▶ _Data supplied_:
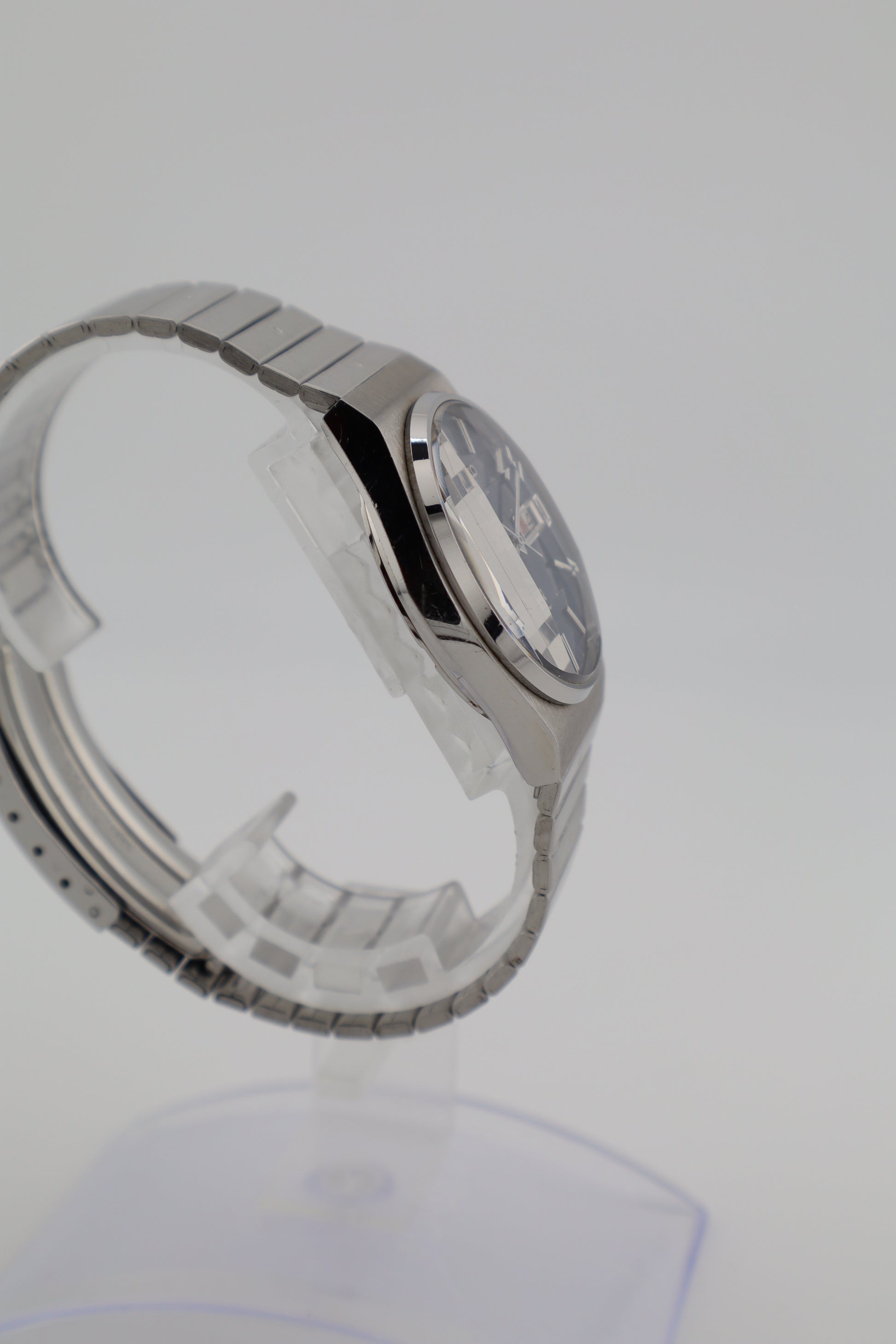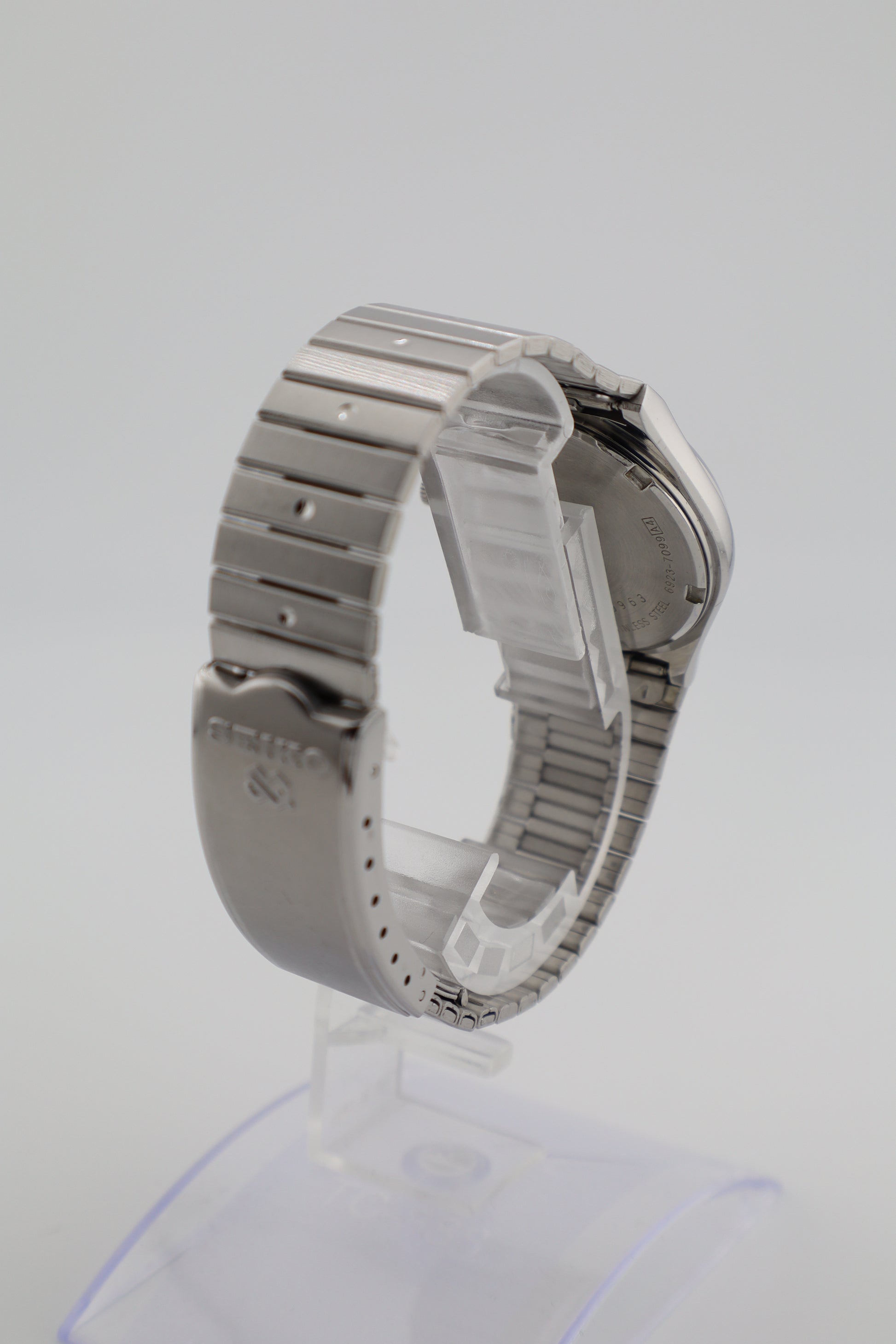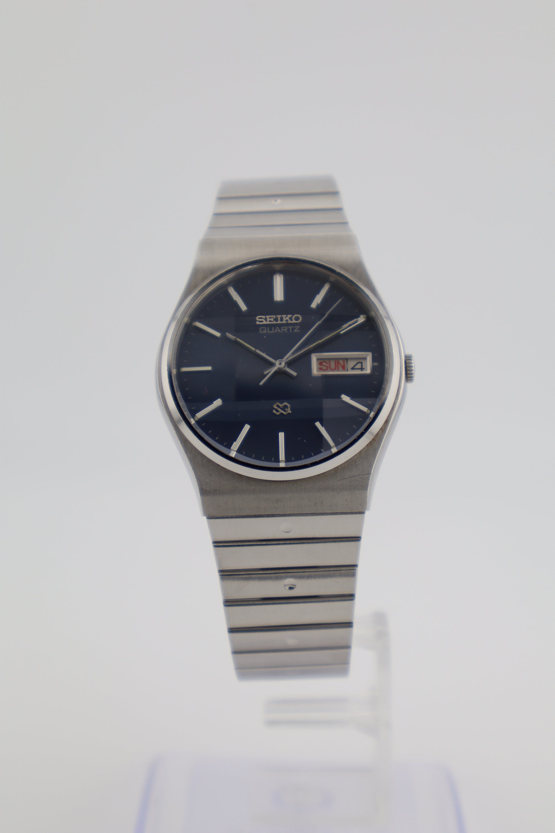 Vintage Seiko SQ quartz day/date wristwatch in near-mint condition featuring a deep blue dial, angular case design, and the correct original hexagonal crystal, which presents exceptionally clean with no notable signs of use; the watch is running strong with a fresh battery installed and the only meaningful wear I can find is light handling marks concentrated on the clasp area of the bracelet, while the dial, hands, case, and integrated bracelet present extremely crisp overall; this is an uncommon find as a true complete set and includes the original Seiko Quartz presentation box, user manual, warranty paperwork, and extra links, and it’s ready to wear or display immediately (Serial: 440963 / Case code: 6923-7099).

...

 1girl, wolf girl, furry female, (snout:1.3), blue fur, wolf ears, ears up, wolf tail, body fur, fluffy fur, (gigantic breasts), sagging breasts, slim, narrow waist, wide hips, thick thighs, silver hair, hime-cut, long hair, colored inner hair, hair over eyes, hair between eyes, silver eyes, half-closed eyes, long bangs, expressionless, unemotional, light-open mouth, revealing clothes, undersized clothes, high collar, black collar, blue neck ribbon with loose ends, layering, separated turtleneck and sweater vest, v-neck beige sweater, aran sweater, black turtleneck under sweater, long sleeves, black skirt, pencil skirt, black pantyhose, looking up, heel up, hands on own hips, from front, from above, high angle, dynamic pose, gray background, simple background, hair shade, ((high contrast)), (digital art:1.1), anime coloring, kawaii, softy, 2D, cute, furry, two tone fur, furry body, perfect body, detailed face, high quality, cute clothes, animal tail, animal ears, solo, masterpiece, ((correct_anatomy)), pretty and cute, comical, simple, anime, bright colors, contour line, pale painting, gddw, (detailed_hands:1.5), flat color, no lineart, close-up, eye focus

---

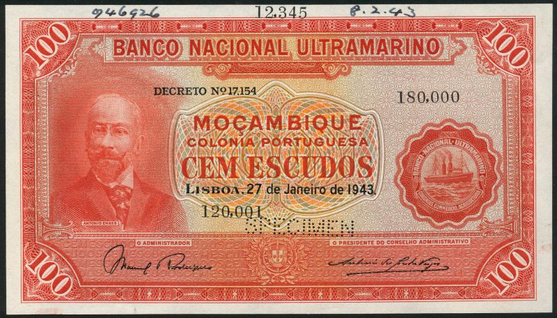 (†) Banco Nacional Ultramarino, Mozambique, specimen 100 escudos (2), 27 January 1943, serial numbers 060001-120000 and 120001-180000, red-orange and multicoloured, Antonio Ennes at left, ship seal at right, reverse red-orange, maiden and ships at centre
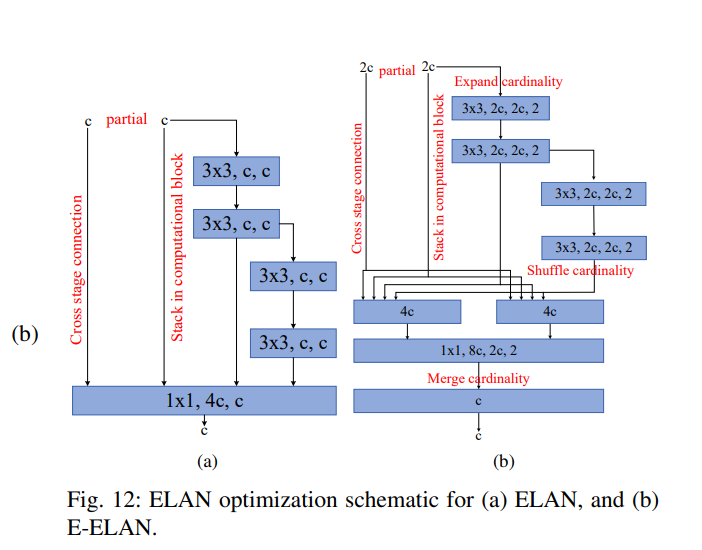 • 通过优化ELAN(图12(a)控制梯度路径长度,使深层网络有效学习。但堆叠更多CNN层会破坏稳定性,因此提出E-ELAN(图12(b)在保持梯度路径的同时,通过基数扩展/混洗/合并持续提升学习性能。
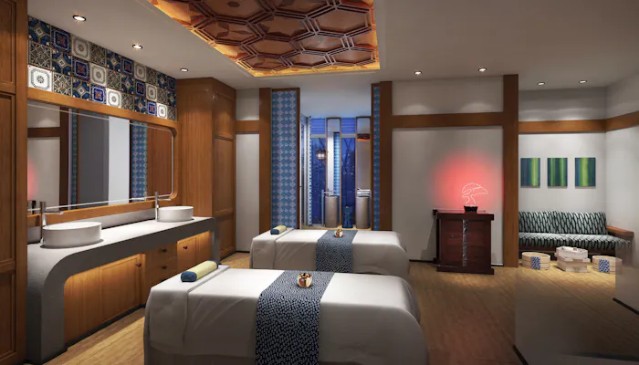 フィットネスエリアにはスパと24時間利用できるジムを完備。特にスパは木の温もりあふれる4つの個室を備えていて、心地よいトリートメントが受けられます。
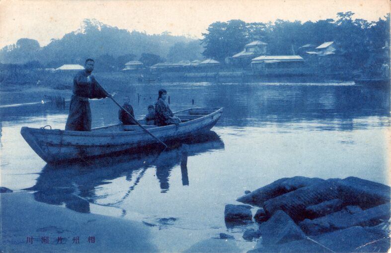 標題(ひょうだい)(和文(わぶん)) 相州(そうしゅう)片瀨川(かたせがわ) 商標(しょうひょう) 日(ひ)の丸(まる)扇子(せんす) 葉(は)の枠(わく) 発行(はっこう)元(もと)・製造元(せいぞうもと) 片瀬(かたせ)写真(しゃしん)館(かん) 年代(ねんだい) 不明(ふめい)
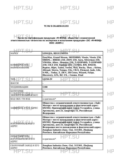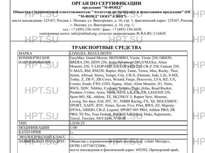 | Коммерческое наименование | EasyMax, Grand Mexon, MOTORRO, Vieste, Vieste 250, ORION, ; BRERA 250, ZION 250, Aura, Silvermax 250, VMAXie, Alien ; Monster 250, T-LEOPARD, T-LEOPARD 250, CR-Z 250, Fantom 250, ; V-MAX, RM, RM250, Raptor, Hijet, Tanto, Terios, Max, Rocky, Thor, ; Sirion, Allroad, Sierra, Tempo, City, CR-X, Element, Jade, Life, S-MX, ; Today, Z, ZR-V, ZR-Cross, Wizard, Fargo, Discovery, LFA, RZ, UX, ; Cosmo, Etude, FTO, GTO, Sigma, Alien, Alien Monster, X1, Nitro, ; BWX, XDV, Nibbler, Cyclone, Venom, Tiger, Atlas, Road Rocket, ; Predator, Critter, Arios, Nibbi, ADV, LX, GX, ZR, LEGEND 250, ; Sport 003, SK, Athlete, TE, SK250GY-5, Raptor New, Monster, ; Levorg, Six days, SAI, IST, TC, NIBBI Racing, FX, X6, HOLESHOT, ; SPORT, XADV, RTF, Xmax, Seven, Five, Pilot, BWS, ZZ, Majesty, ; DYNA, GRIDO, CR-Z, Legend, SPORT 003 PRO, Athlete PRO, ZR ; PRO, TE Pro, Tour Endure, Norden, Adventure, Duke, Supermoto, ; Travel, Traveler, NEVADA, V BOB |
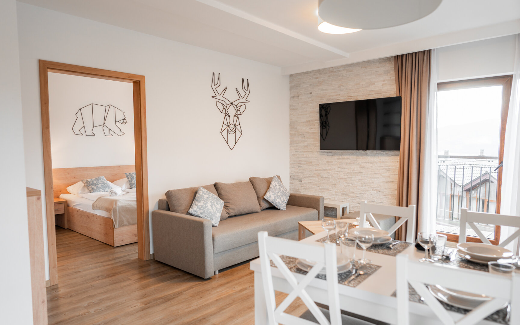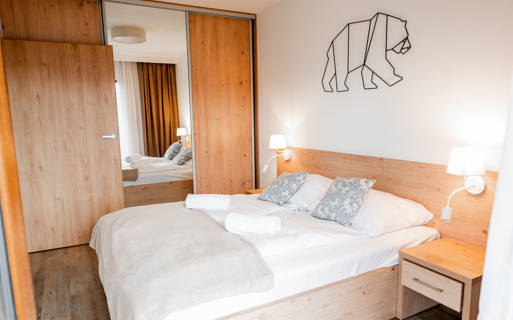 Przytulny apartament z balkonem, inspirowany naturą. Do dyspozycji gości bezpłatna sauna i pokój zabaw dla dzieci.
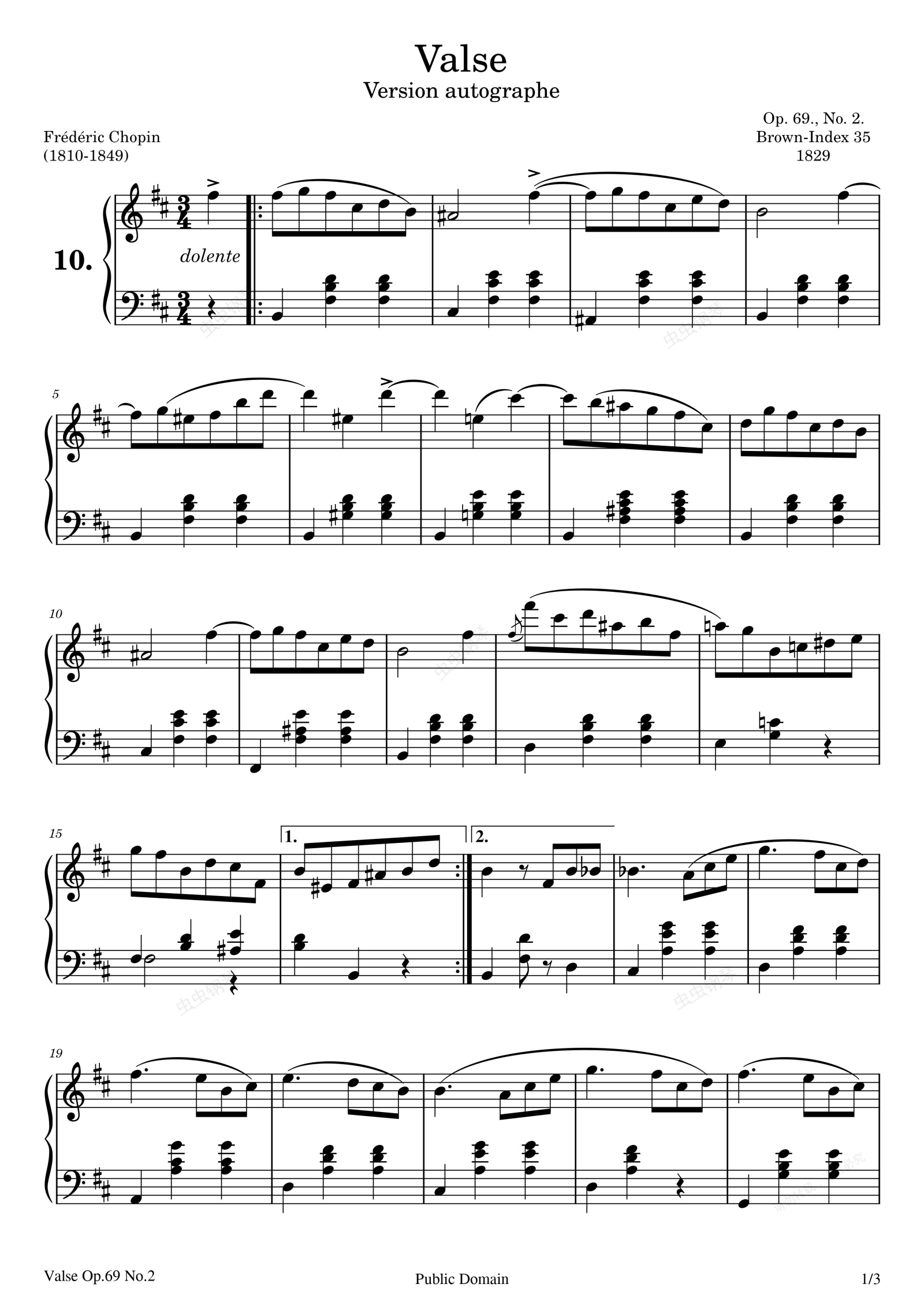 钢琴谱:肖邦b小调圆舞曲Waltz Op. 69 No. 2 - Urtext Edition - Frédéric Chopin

▶ _About this task_: Reproduce exactly the lines above that run from the one with "フィットネスエリアにはスパと" to the one with "標題(ひょうだい)(和文(わぶん)) 相州(そうしゅう)片瀨川(かたせがわ) 商標(しょうひょう)", both included, leaving pictures out.

▶ _Task solution_:
 フィットネスエリアにはスパと24時間利用できるジムを完備。特にスパは木の温もりあふれる4つの個室を備えていて、心地よいトリートメントが受けられます。
 標題(ひょうだい)(和文(わぶん)) 相州(そうしゅう)片瀨川(かたせがわ) 商標(しょうひょう) 日(ひ)の丸(まる)扇子(せんす) 葉(は)の枠(わく) 発行(はっこう)元(もと)・製造元(せいぞうもと) 片瀬(かたせ)写真(しゃしん)館(かん) 年代(ねんだい) 不明(ふめい)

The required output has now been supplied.